NVIDIA GPU Operator creates/configures/manages GPUs atop Kubernetes
Apache License 2.0
1.72k stars 280 forks source link

Daemonset Unable to find RHCOS toolkit-driver image when installing on OKD 4.13 #592

Open lohwanjing opened 10 months ago

lohwanjing commented 10 months ago

1. Quick Debug Information

2. Issue or feature description

When installing the GPU Operator in a fully air-gapped environment in OKD 4.13, I would expect the installation to complete successfully once the images and operators are mirrored accordingly with the appropriate ImageContentSourcePolicy set up, Currently, after the gpu-operator successfully installs, after setting up the default CSV, the daemonset installation fails with a crash-loop backoff. Based on the warning, the RHCOS image tag cannot be found, and it defaults back to entitlement fallback which fails due to being in a disconnected environment,

For OCP installations (and I would assume OKD as well), the gpu operator should be using the RHCOS container-toolkit, which would allow for entitlement-free installation of the NVIDIA Drivers, and therefore work in a disconnected environment.

3. Steps to reproduce the issue

  1. Mirror Openshift Node Feature Discovery Operator, NVIDIA GPU Operator and their associated images using oc-mirror tool
  2. Upload images to local container registry
  3. Update catalog information and imagecontentsourcepolicy in OKD (to allow installation from Operator Hub)
  4. Install NFD, ensure installation is successful, and that GPU is detected on worker node
  5. Install GPU Operator, set up CSV
  6. Daemonset initialises on worker node container GPU, but fails to initialise successfully.

4. Information to attach (optional if deemed irrelevant)

daemonset_logs

daemonset

Note the tag on the daemonset which indicates the image is missing.

I saw issue #428, which was resolved by manually tagging the container toolkit container. In this case, manually tagging the container did not result in any changes.

imageset

Additionally, the container toolkit (at least from the docs) seems to run as a sidecar container, but not of the pods that were launched seem to contain the image within their specs.

shivamerla commented 10 months ago

@lohwanjing can you run oc get imagesstream driver-toolkit -n openshift -o yaml. Also logs from the operator pod will help.

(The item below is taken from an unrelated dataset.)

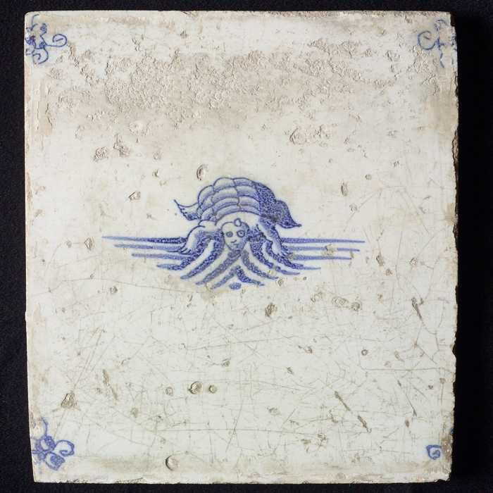 Figuurtegel, blauw, visverkoopster, hoekmotief ossenkop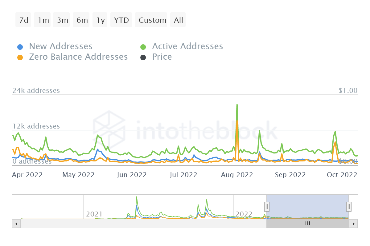 From a price perspective, SHIB traded close to the $0.00001000 support level, which acted as a crucial resistance during Q2 and Q3 2022. The Daily RSI headed toward the oversold zone, indicating that sellers dominated the market as trade volumes maintained low levels.

lohwanjing commented 10 months ago

Hi, attached is the imagestream logs. Note that we use ImageContentSourcePolicy to point quay.io to our internal mirror. Will get you the operator pod logs later

driver-toolkit.txt

lohwanjing commented 9 months ago

@shivamerla

Hi, apologies for the delay, attached are the logs for the operator pods, both before and after installing the CSP

gpu-operator-after-CSP.log gpu-operator-before-CSP.log

Additionally this is the list of pods in the namespace

podlist.txt

KricejJanezMartin commented 1 month ago

@lohwanjing

Hi, did you manage to find any solution to the described problem ? I am also currently trying to install nvidia-operator in my OKD 4.15. I would appreciate any insight.

Cheers!